• _Task description_
Could each entry below be written out exactly, with every picture dropped?

• _Data extract_
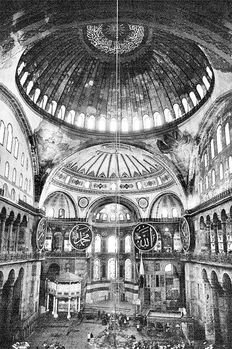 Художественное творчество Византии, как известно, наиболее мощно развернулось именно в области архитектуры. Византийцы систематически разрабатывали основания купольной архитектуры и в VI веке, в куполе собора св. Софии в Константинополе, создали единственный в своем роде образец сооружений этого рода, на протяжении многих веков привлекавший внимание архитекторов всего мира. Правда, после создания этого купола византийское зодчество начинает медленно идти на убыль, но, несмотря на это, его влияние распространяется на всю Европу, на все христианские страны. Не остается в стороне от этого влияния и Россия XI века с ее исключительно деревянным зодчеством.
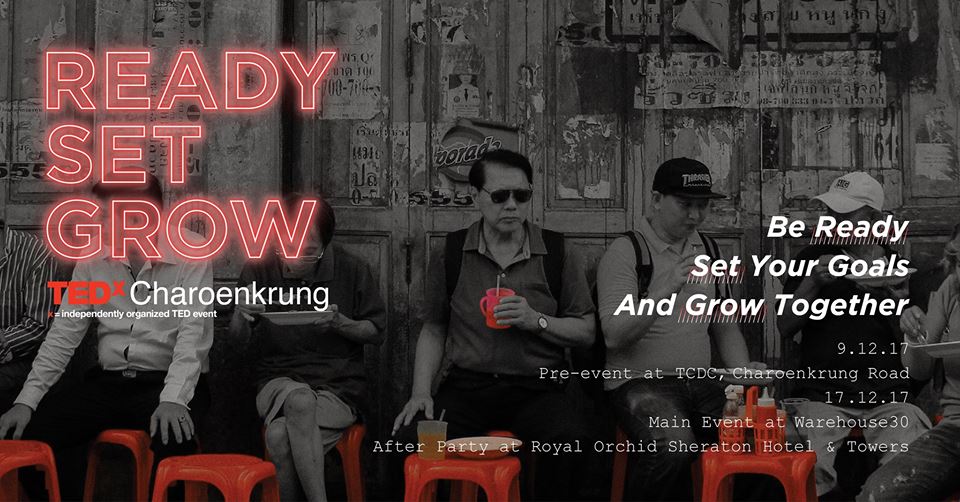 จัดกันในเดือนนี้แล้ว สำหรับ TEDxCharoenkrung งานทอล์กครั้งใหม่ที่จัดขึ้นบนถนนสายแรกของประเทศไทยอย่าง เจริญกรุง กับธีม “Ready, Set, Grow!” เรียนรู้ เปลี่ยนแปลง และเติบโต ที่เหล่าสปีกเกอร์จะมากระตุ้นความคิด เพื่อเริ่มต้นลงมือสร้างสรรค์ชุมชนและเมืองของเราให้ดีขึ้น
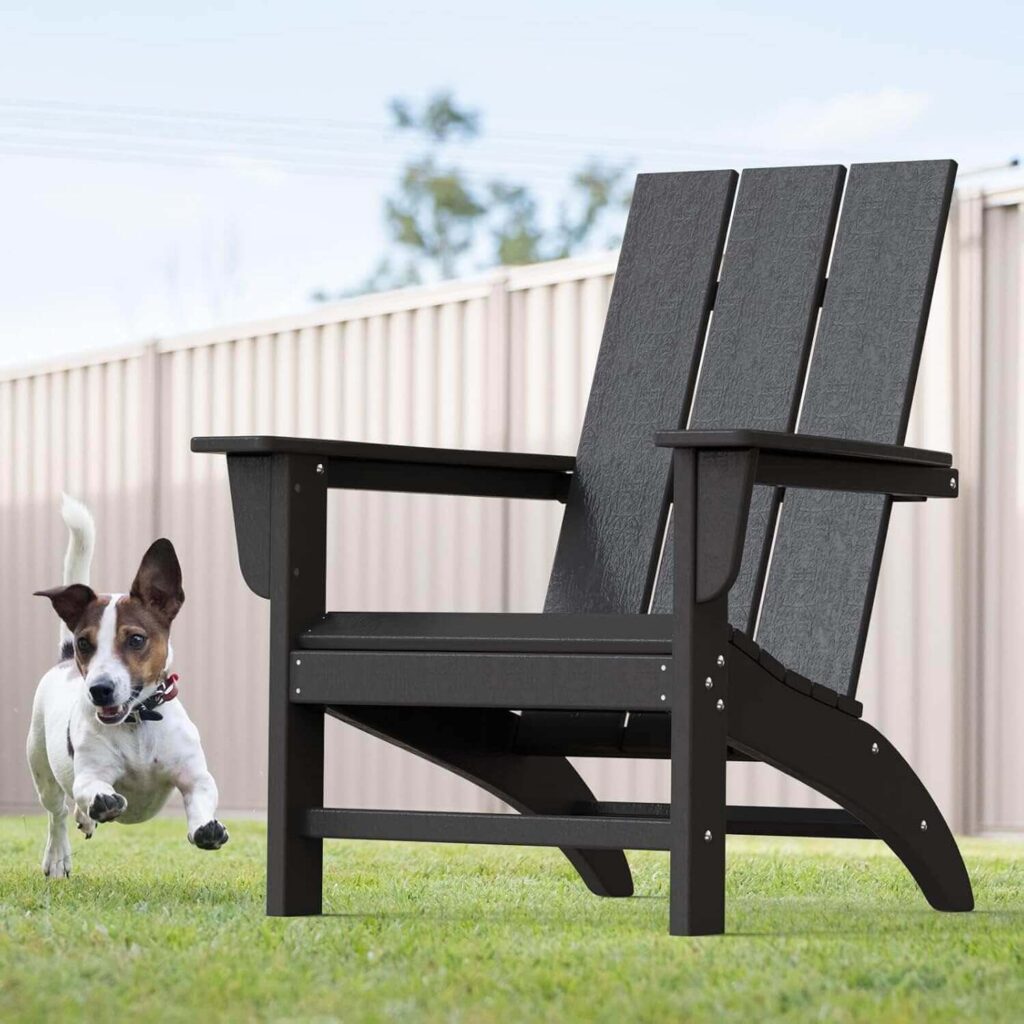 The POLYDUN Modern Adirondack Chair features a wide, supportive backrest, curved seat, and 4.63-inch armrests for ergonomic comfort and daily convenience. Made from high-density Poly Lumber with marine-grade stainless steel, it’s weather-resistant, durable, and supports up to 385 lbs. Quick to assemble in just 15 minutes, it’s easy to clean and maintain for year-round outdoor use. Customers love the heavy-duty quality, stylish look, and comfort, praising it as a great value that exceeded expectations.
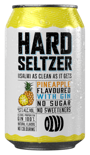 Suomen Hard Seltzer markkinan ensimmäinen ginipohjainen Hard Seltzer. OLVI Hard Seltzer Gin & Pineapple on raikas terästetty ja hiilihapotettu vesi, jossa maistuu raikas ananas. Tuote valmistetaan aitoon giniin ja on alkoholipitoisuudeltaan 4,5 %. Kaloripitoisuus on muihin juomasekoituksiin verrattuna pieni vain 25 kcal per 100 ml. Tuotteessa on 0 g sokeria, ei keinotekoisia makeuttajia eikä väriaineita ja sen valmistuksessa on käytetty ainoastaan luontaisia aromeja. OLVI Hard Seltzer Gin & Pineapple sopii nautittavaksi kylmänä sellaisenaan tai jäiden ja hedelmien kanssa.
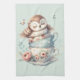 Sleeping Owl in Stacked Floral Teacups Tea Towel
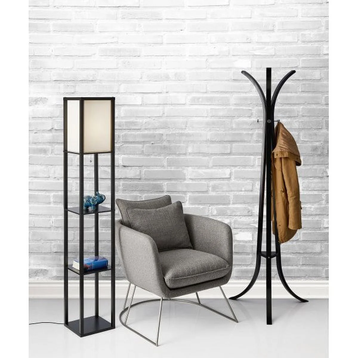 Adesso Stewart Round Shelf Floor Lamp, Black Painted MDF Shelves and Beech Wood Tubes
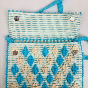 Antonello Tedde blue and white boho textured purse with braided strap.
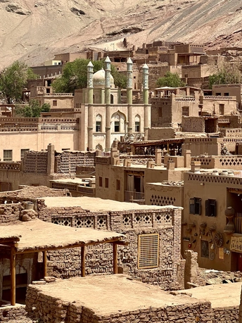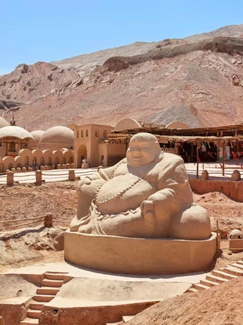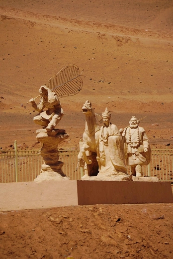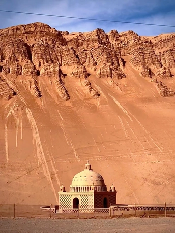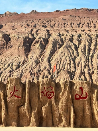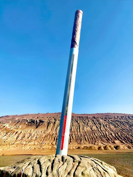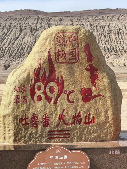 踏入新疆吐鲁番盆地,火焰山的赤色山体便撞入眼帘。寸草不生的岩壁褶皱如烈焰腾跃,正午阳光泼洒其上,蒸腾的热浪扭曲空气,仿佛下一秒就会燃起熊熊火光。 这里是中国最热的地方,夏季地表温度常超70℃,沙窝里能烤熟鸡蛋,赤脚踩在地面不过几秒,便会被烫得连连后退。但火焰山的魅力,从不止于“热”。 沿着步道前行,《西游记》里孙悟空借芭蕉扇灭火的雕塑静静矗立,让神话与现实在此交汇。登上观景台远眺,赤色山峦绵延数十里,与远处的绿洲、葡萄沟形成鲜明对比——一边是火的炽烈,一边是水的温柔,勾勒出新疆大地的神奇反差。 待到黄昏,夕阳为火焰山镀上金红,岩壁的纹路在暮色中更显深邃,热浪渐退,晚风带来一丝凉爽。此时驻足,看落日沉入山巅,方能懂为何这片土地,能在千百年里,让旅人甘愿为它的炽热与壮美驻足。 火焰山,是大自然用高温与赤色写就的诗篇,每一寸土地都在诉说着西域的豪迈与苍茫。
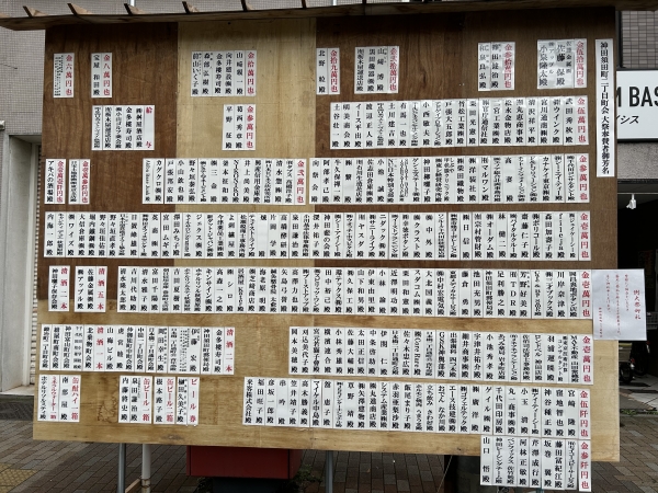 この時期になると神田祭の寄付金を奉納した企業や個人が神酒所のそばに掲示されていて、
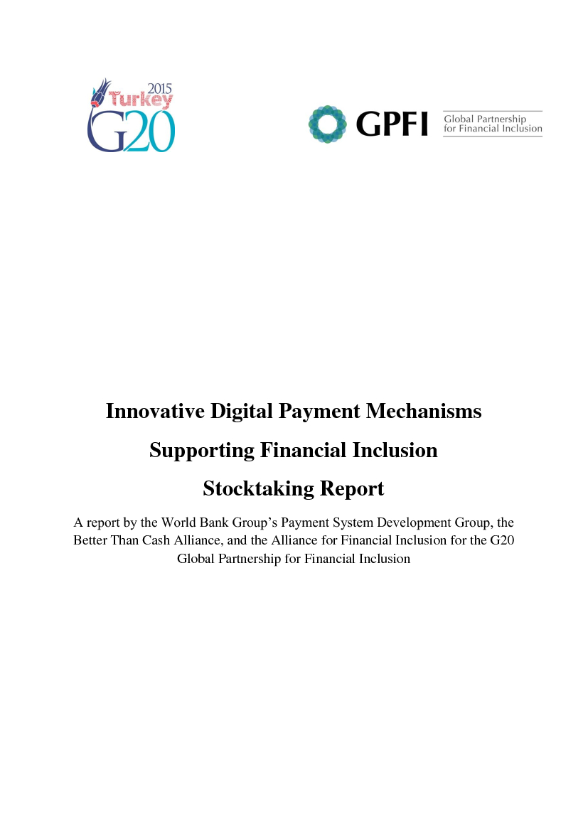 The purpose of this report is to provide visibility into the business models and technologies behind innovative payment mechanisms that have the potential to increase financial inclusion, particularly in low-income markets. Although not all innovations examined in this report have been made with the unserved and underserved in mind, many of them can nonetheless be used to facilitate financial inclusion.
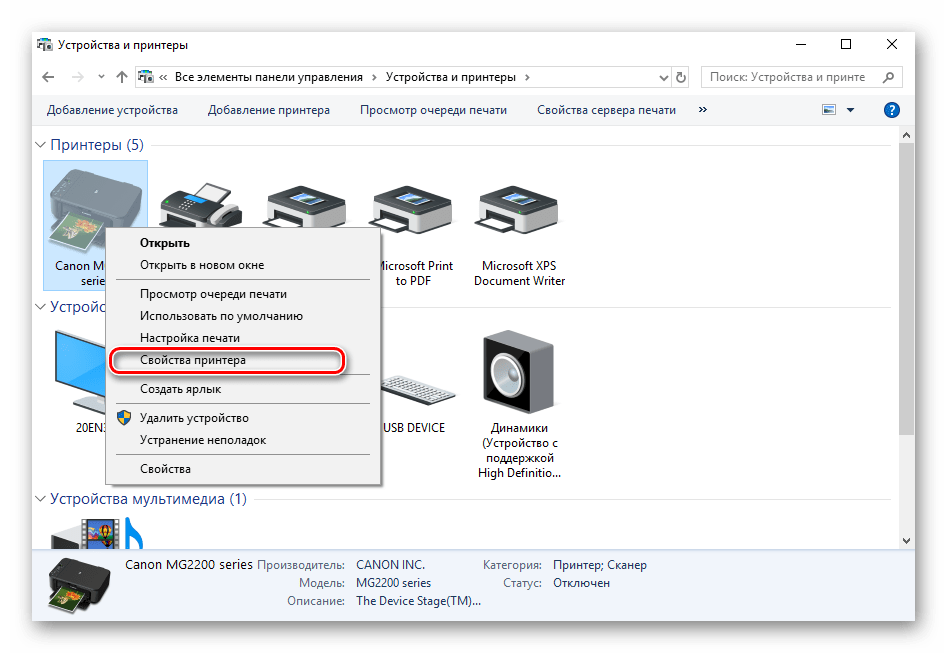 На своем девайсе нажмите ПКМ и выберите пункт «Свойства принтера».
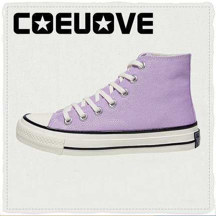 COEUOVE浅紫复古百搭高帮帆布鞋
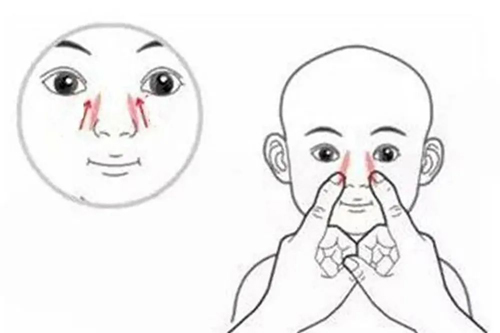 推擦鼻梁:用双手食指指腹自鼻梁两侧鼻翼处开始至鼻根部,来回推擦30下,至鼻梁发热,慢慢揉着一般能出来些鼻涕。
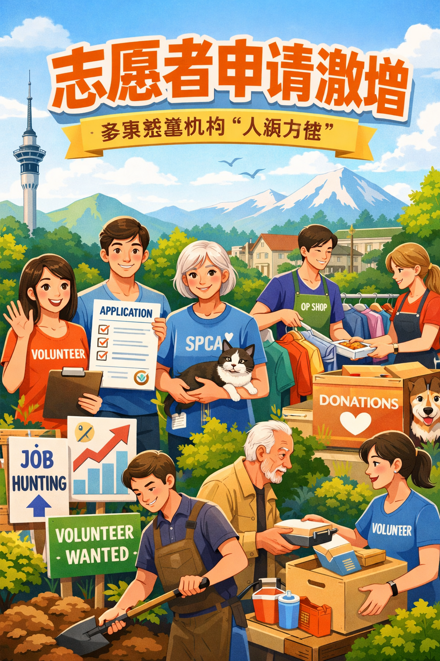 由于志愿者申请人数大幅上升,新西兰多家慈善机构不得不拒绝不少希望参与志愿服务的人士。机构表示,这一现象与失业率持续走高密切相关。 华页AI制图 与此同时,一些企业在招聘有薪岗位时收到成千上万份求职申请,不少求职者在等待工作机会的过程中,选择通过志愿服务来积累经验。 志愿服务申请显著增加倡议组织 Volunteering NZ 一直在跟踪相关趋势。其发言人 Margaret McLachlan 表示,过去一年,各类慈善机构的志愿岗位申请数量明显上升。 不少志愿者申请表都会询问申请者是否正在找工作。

• _Solved problem_
 Художественное творчество Византии, как известно, наиболее мощно развернулось именно в области архитектуры. Византийцы систематически разрабатывали основания купольной архитектуры и в VI веке, в куполе собора св. Софии в Константинополе, создали единственный в своем роде образец сооружений этого рода, на протяжении многих веков привлекавший внимание архитекторов всего мира. Правда, после создания этого купола византийское зодчество начинает медленно идти на убыль, но, несмотря на это, его влияние распространяется на всю Европу, на все христианские страны. Не остается в стороне от этого влияния и Россия XI века с ее исключительно деревянным зодчеством.
 จัดกันในเดือนนี้แล้ว สำหรับ TEDxCharoenkrung งานทอล์กครั้งใหม่ที่จัดขึ้นบนถนนสายแรกของประเทศไทยอย่าง เจริญกรุง กับธีม “Ready, Set, Grow!” เรียนรู้ เปลี่ยนแปลง และเติบโต ที่เหล่าสปีกเกอร์จะมากระตุ้นความคิด เพื่อเริ่มต้นลงมือสร้างสรรค์ชุมชนและเมืองของเราให้ดีขึ้น
 The POLYDUN Modern Adirondack Chair features a wide, supportive backrest, curved seat, and 4.63-inch armrests for ergonomic comfort and daily convenience. Made from high-density Poly Lumber with marine-grade stainless steel, it’s weather-resistant, durable, and supports up to 385 lbs. Quick to assemble in just 15 minutes, it’s easy to clean and maintain for year-round outdoor use. Customers love the heavy-duty quality, stylish look, and comfort, praising it as a great value that exceeded expectations.
 Suomen Hard Seltzer markkinan ensimmäinen ginipohjainen Hard Seltzer. OLVI Hard Seltzer Gin & Pineapple on raikas terästetty ja hiilihapotettu vesi, jossa maistuu raikas ananas. Tuote valmistetaan aitoon giniin ja on alkoholipitoisuudeltaan 4,5 %. Kaloripitoisuus on muihin juomasekoituksiin verrattuna pieni vain 25 kcal per 100 ml. Tuotteessa on 0 g sokeria, ei keinotekoisia makeuttajia eikä väriaineita ja sen valmistuksessa on käytetty ainoastaan luontaisia aromeja. OLVI Hard Seltzer Gin & Pineapple sopii nautittavaksi kylmänä sellaisenaan tai jäiden ja hedelmien kanssa.
 Sleeping Owl in Stacked Floral Teacups Tea Towel
 Adesso Stewart Round Shelf Floor Lamp, Black Painted MDF Shelves and Beech Wood Tubes
 Antonello Tedde blue and white boho textured purse with braided strap.
 踏入新疆吐鲁番盆地,火焰山的赤色山体便撞入眼帘。寸草不生的岩壁褶皱如烈焰腾跃,正午阳光泼洒其上,蒸腾的热浪扭曲空气,仿佛下一秒就会燃起熊熊火光。 这里是中国最热的地方,夏季地表温度常超70℃,沙窝里能烤熟鸡蛋,赤脚踩在地面不过几秒,便会被烫得连连后退。但火焰山的魅力,从不止于“热”。 沿着步道前行,《西游记》里孙悟空借芭蕉扇灭火的雕塑静静矗立,让神话与现实在此交汇。登上观景台远眺,赤色山峦绵延数十里,与远处的绿洲、葡萄沟形成鲜明对比——一边是火的炽烈,一边是水的温柔,勾勒出新疆大地的神奇反差。 待到黄昏,夕阳为火焰山镀上金红,岩壁的纹路在暮色中更显深邃,热浪渐退,晚风带来一丝凉爽。此时驻足,看落日沉入山巅,方能懂为何这片土地,能在千百年里,让旅人甘愿为它的炽热与壮美驻足。 火焰山,是大自然用高温与赤色写就的诗篇,每一寸土地都在诉说着西域的豪迈与苍茫。
 この時期になると神田祭の寄付金を奉納した企業や個人が神酒所のそばに掲示されていて、
 The purpose of this report is to provide visibility into the business models and technologies behind innovative payment mechanisms that have the potential to increase financial inclusion, particularly in low-income markets. Although not all innovations examined in this report have been made with the unserved and underserved in mind, many of them can nonetheless be used to facilitate financial inclusion.
 На своем девайсе нажмите ПКМ и выберите пункт «Свойства принтера».
 COEUOVE浅紫复古百搭高帮帆布鞋
 推擦鼻梁:用双手食指指腹自鼻梁两侧鼻翼处开始至鼻根部,来回推擦30下,至鼻梁发热,慢慢揉着一般能出来些鼻涕。
 由于志愿者申请人数大幅上升,新西兰多家慈善机构不得不拒绝不少希望参与志愿服务的人士。机构表示,这一现象与失业率持续走高密切相关。 华页AI制图 与此同时,一些企业在招聘有薪岗位时收到成千上万份求职申请,不少求职者在等待工作机会的过程中,选择通过志愿服务来积累经验。 志愿服务申请显著增加倡议组织 Volunteering NZ 一直在跟踪相关趋势。其发言人 Margaret McLachlan 表示,过去一年,各类慈善机构的志愿岗位申请数量明显上升。 不少志愿者申请表都会询问申请者是否正在找工作。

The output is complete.